In an article in the June 22, 2011 New York Times, reporter Binyamin Appelbaum led by arguing that “The Federal Reserve hoped that its three-year-old economic rescue campaign would reach a climax at the end of June. It hoped that consumers and businesses by now would be spending more and more, and the central bank could start doing less and less.” Only further down the page did the Times cite the Fed’s (historically justified) reason: “The Fed has made clear that it its primary focus is on the pace of inflation.”
Also buried was the fact that “almost 25 million Americans cannot find full-time work, a number that is rising again.” The Times considered that worthy of the 11th paragraph, while the claim that “Economic forecasters…say that they underestimated the impact of the Japanese earthquake on the production of cars and other goods” qualified for the fourth.
Additionally, the Times buries the central point of the article; namely that “When the economy faltered last summer, the Fed announced a giant stimulus program. This year, the leaders of the central bank have shown little appetite for another intervention.” Indeed, despite the claim that “the Fed is frozen” it is apparent that the Federal Open Market Committee is wary of the potential for inflation from excessive monetary easing, although they do not expect it over the long run.

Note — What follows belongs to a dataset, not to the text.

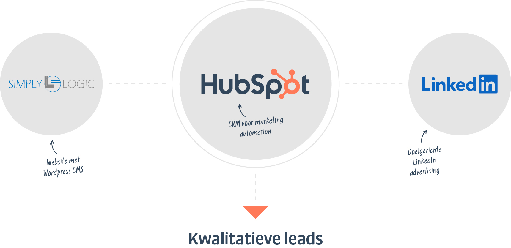 Om alle binnenkomende data overzichtelijk te houden hebben we een strategie ontwikkeld om het gebruik van HubSpot te optimaliseren. Een ideale oplossing voor inbound marketingbeheer. Met het CRM-platform kan Simplylogic geautomatiseerd potentiële klanten generen, beheren en onderhouden en aan leadgeneratie werken. De software zorgt ervoor dat relevante bezoekers worden aangetrokken. De data die dit oplevert gebruiken we voor gerichte content. Zo kunnen we bijvoorbeeld specifieke doelgroepen binnen de branches segmenteren.

The Times claims also that forecasters “point to a lack of confidence” which the Times calls an “elusive concept that basically defines the willingness of consumers and businesses to spend more money than is justified by current circumstances.” This characterization misses the point of the theory of rational forward-looking expectations. Expectations theory explains how present economic conditions, policies, and trust become Keynes’s “animal spirits” that drive investment. Also, as economist Arnold Kling notes, it goes against the general principles of economics to assume that “spend[ing] more money than is justified” is good. Rather, one must expect that “current circumstances” will improve enough to create returns for investment and consumer spending to occur.
The Times also buries in the second-to-last paragraph a notable claim by Fed Chairman Ben Bernanke. The Times notes that Chairman Bernanke has said that “a long-term plan to reduce spending could increase growth.”